Life's a journey. Since when are we supposed to be comfortable and coast?

Saturday, January 16, 2010

Wicked Awesome

Arguably not the best picture of me. I admit that. What is my face doing -- really? For Christmas, Marcus -- the dear, sweet, hunk of a man that he is -- got me/us tickets to see Wicked in San Francisco. It was soooo great! Haven't seen it? Well, you should. Make plans and do it. It's well worth it.

Funny part is this...we thought it would be sooo easy to find parking. I mean, there's got to be a ton of parking by a theater downtown right? Well, it was raining, and dark, and we couldn't find anything other than this small parking lot in a sketchy part of town. Turns out, it was. As we were running from the small parking lot to the theater (because we were pushing it for time), we passed what we think was a drug deal, and a few other ....mmm... scary people. We did have time to take this picture before getting into the theater. Mind you, it was raining so my hair isn't as beautiful as it most certainly was before we got out of the car...and I think I was telling the guy to keep holding the button down. Oh well.

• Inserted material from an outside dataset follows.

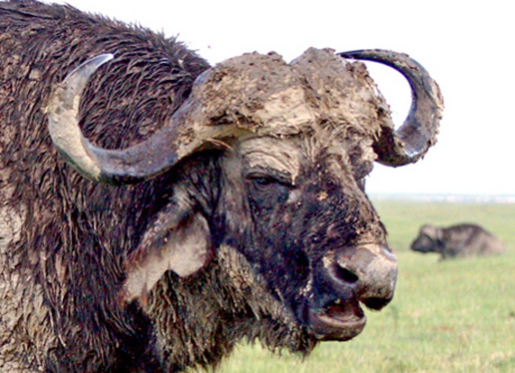 You both stole my line! This guy definitely needs a bath. I think this is an excellent record shot. The other buffalo in the background is well placed in the composition. Your subject's head position is good and it looks like he is either chatting with you or having a good chuckle. (Assuming these guys can chuckle!) I think you have another picture here as well. See my crop. |
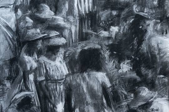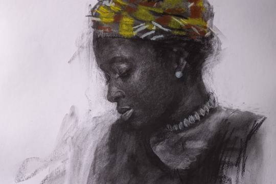 Charcoal and soft pastel on water colour paper, 53x76 cm

Towards the end of the show, I was getting worried about going back to the car. I considered asking a policeman to escort us. I know. Silly. But it was that creepy down the street where we parked I assure you. I was also almost positive that I'd get mugged and I was planning what I'd do. I know I know. Perhaps I was over-reacting, but you have to have a plan. Even in Primary they tell you to make decisions ahead of time so you'll know what to do when put in certain situations. I was just doing that. So, we're fine going back to the car until we turn off Market Street and head towards gloom and doom. We decide to step it up a little and start running, the best I can anyway in heels. I'm sure people were thinking "these rich snobs" but ya know what? I didn't care. I was never going to see them again, and I was honestly kind of scared. I really don't want to seem judgmental here, but maybe I am. Ya know what? I was. I was judging left and right. Everyone around us was heavily intoxicated, it was dark, and it felt very very uncomfortable. And it didn't help that I was wearing a leather jacket, leather boots, a nice outfit...we were clearly not from there and stood out. Anyway, we got to the car and left. After we got on the road, we laughed and Marcus said "We'll never ever forget this night."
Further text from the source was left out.